A good breeder doesn’t re-home oldies
Because his dogs are his family! The place of a retired dog is the living room, where he can relax and assists with the education of the youngsters. BEWARE of breeders that only have young dogs, always ask to see the oldies. Oldies are also a living warranty of the health of the bloodlines.
A good breeder asks a zillion questions and is always ready to take back a dog of his breeding
He screens possible families for the sake of his puppies because the wellbeing of his puppies is his first priority. Sincere breeders will be a bit hesitant to sell you a puppy until they know more about you, what you are looking for in a dog, and what lifestyle you have in mind for your dog. Having the best interest of the puppy at heart, reputable breeders will take great pains to place puppies properly the first time around. A returned puppy is a traumatic experience for all concerned, so the breeder who is always willing to accept a puppy back will try to make certain that a Golden is the breed for you.

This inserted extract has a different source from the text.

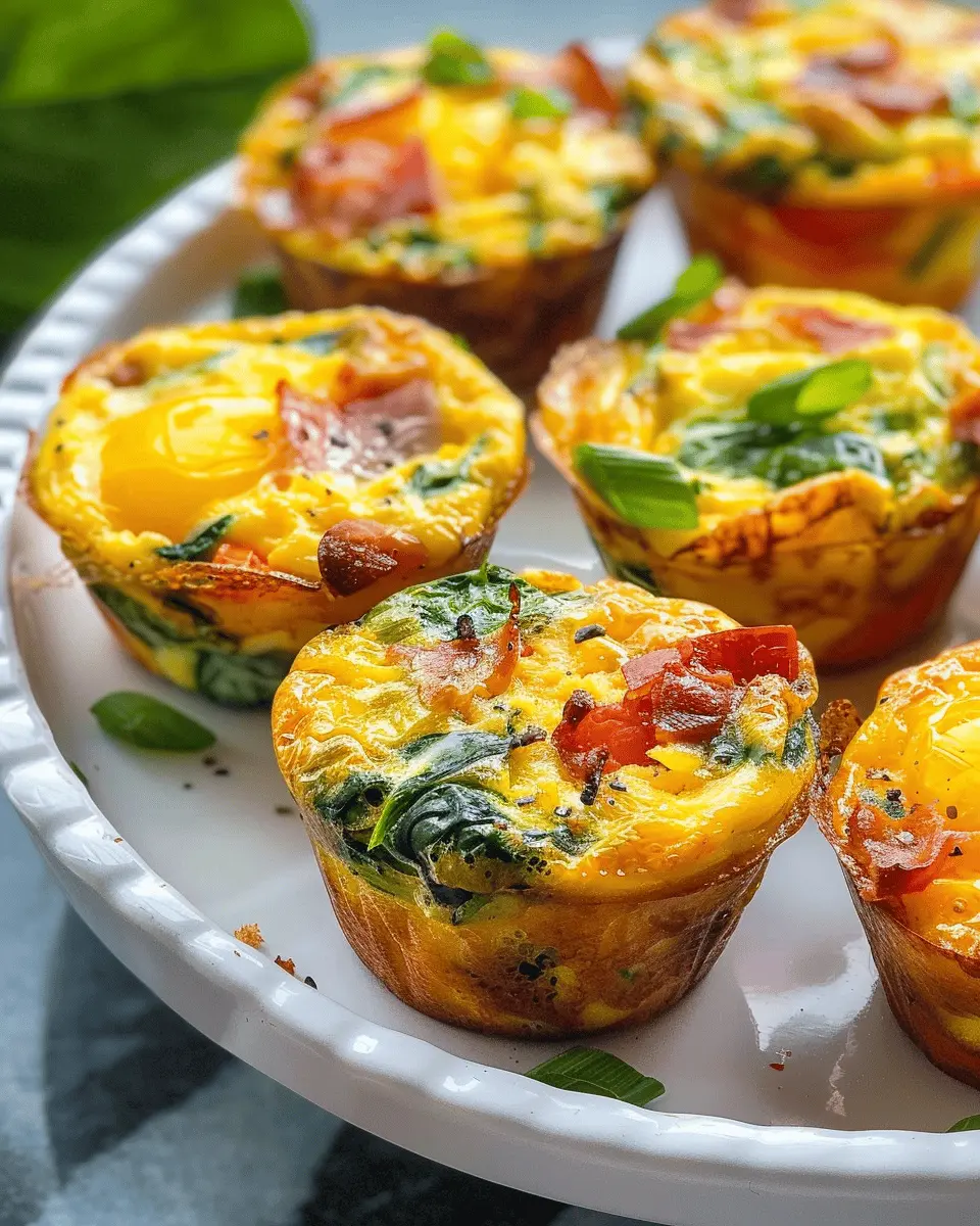 If you’re looking to add a Mediterranean twist to your breakfast egg muffins, these delightful bites featuring spinach and feta are perfect! Start by sautéing fresh spinach with a bit of olive oil and garlic, then mix in crumbled feta cheese. Combine this flavorful mix with whisked eggs, pour it into a muffin tin, and bake until golden. As a bonus, spinach is packed with nutrients like iron and vitamins A and C, making these muffins a healthy start to your day. For added flavor, you can sprinkle some fresh herbs like dill or oregano.

If you feel under the great inquisition it’s a good thing!
A good breeder educates the new owner on the breed and on how to manage the puppy
He provides instructions on feeding, training and care; he is always available for advice and support and loves to hear about the life of the dogs he bred.

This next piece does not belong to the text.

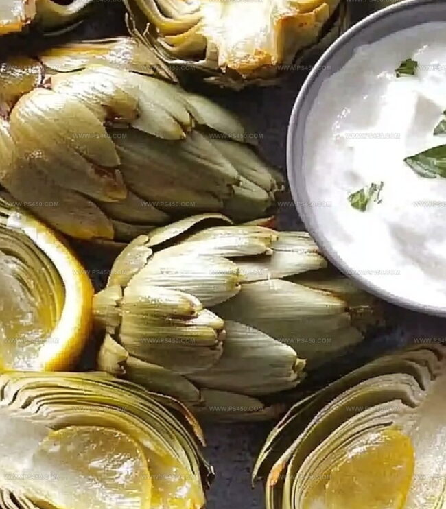 Artichokes bring a delightful twist to appetizers with their tangy artichokes with lemon-yogurt dip waiting to tantalize your taste buds.

A good breeder welcomes visitors and the opportunity to be compared to other breeders
He is able to show a clean environment; healthy, well-socialized puppies, adults and oldies, a healthy dam and sire with good temperaments. Should the sire belong to a different person, the breeder still provides the health clearances of the stud dog and all the info pertaining to the stud dog’s kennel. You should avoid:
a) shy, whimpering, fearful puppies
b) puppies with dull coats, crusty or running eyes, signs of diarrhea, rashes or sores on their abdomens
c) signs of neglect, such as lack of water, pans of uneaten food, and dirty conditions
d) a breeder who will sell a puppy under seven weeks of age, as early separation from the dam and littermates can be very detrimental both psychologically and physically.

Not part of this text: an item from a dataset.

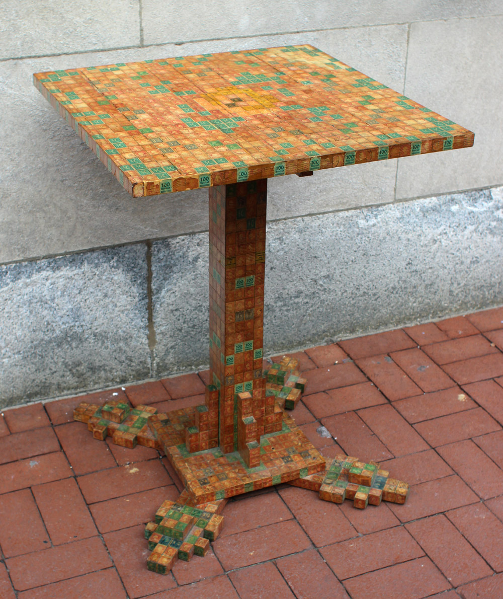 Center table fully decorated with cancelled stamps. The design of the table was such that the dimensions of every part of it are determined by the height and width of a postage stamp and every inch was covered by full stamps. American, probably Mid-West States, and some dates found on the stamps are 1931 and 1933. The architecture is that of period skyscrapers.

A good breeder gives you references
He provides the names of people who have purchased puppies in the past, the names of other breeders, and the veterinarian who provides care for the breeder's dogs.
A good breeder provide a written contract and/or conditions of sale and a health certificate
The contract should be absolutely explicit and a signed copy should be provided to each party. BEWARE of breeders that can guarantee freedom of health conditions throughout the life of the dog, such a thing CAN’T be guaranteed; breeders are only humans not God.
* “Breeders” that have first, second, third and last choices and sell littermates for different prices.
* ”Breeders” that charge a higher price for the pedigree.
* “Breeders” that sell puppies with pedigrees and puppies without for a lower price. IT’S ILLEGAL!!
* “Breeders” that ask for astronomic prices for puppies.
* “Breeders” that claims their puppies are rare cream English Goldens.
THERE’S NOT SUCH A THING!! The Golden Retriever is ONE breed only, with different types. There is nothing rare or difficult to get. If there must be a difference in price, it should be motivated by the accomplishments of the parents, not certainly on a false rarity claim!
A good breeder doesn’t sell his puppies to a pet shop, nor he ships them, nor he sells through a third party
A good breeder always list detailed information about his dogs on his website. BEWARE of websites where the dog appears only with his family name, and neither the clerances nor the full pedigree are listed!